## Records provided
------------------------------------------------------------

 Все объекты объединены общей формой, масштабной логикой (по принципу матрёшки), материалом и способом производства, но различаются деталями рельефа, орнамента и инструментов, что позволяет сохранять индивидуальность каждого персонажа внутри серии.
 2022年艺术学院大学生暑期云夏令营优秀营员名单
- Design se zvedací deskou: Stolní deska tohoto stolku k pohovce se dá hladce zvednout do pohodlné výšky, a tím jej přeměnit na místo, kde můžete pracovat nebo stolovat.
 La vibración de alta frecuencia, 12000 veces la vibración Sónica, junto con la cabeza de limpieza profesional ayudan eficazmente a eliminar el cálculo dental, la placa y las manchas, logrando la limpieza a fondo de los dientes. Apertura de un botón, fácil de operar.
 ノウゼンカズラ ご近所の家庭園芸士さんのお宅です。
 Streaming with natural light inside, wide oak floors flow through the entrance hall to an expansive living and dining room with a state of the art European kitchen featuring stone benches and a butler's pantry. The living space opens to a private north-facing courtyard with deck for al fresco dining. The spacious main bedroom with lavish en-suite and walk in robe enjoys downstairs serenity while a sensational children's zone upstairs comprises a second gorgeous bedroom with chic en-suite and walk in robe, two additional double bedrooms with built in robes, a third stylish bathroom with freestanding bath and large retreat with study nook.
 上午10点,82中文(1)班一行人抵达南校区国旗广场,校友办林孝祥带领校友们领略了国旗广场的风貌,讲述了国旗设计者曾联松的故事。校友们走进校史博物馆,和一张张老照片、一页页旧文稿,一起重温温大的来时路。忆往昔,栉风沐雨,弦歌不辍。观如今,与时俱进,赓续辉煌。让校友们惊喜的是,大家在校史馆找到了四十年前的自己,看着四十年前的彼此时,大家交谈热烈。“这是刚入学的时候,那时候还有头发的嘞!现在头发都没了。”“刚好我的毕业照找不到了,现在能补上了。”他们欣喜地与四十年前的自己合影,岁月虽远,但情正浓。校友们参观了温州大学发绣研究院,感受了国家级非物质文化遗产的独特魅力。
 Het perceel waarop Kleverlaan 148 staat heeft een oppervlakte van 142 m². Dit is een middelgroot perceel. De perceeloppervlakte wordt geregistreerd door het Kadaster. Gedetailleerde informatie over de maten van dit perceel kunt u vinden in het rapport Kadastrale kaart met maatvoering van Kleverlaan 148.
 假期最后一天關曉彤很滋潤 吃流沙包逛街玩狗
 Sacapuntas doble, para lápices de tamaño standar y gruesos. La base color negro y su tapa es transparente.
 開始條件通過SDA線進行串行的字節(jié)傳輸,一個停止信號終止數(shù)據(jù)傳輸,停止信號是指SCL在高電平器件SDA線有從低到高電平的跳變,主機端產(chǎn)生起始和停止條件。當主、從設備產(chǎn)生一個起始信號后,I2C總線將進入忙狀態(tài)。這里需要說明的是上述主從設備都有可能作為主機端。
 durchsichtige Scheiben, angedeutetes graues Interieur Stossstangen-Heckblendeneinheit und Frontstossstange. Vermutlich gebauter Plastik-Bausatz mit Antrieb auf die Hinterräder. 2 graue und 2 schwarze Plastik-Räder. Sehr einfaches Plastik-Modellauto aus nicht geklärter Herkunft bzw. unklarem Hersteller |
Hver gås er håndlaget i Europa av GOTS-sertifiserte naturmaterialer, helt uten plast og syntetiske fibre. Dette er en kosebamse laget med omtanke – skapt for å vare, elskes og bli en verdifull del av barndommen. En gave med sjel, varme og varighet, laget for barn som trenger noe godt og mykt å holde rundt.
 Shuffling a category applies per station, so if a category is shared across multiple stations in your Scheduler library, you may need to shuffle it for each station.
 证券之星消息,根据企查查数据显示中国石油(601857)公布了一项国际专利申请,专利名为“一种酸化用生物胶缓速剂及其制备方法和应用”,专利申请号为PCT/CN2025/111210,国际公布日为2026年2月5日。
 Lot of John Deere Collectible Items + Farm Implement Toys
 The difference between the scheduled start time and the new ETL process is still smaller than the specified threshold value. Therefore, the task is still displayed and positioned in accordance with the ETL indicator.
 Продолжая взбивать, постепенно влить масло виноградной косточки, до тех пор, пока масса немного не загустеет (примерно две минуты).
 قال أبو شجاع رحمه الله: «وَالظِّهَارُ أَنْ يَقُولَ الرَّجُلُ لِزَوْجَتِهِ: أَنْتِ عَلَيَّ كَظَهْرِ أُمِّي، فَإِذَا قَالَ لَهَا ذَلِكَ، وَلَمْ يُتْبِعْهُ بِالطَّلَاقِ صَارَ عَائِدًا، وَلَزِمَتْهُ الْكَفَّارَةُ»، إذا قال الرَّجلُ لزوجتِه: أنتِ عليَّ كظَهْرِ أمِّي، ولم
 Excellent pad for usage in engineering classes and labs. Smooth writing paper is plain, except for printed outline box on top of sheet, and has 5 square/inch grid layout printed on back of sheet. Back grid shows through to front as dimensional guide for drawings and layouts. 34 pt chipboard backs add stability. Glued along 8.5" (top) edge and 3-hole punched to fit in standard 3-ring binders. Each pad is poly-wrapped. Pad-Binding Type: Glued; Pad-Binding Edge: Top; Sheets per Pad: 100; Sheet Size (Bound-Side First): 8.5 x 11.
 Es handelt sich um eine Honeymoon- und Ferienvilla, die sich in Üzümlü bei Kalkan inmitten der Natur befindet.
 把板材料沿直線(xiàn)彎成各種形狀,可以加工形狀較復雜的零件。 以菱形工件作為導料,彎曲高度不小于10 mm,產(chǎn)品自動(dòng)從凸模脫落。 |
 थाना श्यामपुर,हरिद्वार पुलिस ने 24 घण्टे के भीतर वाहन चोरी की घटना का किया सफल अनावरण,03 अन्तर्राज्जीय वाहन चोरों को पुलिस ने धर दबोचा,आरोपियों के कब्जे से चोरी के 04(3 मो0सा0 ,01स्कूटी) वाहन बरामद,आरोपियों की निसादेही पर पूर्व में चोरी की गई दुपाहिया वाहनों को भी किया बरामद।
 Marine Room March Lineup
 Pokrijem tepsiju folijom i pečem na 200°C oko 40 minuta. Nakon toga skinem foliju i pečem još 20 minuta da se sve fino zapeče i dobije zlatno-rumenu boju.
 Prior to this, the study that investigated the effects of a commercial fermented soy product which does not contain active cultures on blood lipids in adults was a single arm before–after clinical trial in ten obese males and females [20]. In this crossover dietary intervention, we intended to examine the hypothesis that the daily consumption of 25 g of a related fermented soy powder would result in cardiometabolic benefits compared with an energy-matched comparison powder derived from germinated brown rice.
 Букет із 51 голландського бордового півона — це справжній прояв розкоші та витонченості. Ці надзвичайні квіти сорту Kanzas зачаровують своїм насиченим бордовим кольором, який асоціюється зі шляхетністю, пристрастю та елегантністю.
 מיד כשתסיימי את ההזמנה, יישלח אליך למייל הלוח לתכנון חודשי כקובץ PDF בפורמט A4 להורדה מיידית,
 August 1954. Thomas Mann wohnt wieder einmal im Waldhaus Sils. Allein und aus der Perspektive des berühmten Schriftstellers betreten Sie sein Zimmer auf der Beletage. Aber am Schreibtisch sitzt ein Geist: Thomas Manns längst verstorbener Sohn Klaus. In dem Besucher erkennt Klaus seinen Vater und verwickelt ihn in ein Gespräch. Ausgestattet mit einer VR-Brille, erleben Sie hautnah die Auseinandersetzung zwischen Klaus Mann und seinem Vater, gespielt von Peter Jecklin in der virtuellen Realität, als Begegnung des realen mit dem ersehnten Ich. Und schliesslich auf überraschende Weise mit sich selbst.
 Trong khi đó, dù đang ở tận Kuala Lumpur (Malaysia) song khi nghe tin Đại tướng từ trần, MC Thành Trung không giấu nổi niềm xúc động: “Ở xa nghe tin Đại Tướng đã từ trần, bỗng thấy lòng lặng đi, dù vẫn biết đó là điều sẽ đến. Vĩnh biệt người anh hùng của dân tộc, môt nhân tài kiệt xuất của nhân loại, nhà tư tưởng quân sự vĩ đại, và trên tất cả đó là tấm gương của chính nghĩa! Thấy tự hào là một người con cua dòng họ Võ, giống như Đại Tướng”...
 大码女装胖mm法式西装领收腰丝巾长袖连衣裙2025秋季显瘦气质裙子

------------------------------------------------------------

## Problem details
Give back exactly what runs from the first line of the listing above to the line that contains "2022年艺术学院大学生暑期云夏令营优秀营员名单", keeping both end lines.

## Task answer
 Все объекты объединены общей формой, масштабной логикой (по принципу матрёшки), материалом и способом производства, но различаются деталями рельефа, орнамента и инструментов, что позволяет сохранять индивидуальность каждого персонажа внутри серии.
 2022年艺术学院大学生暑期云夏令营优秀营员名单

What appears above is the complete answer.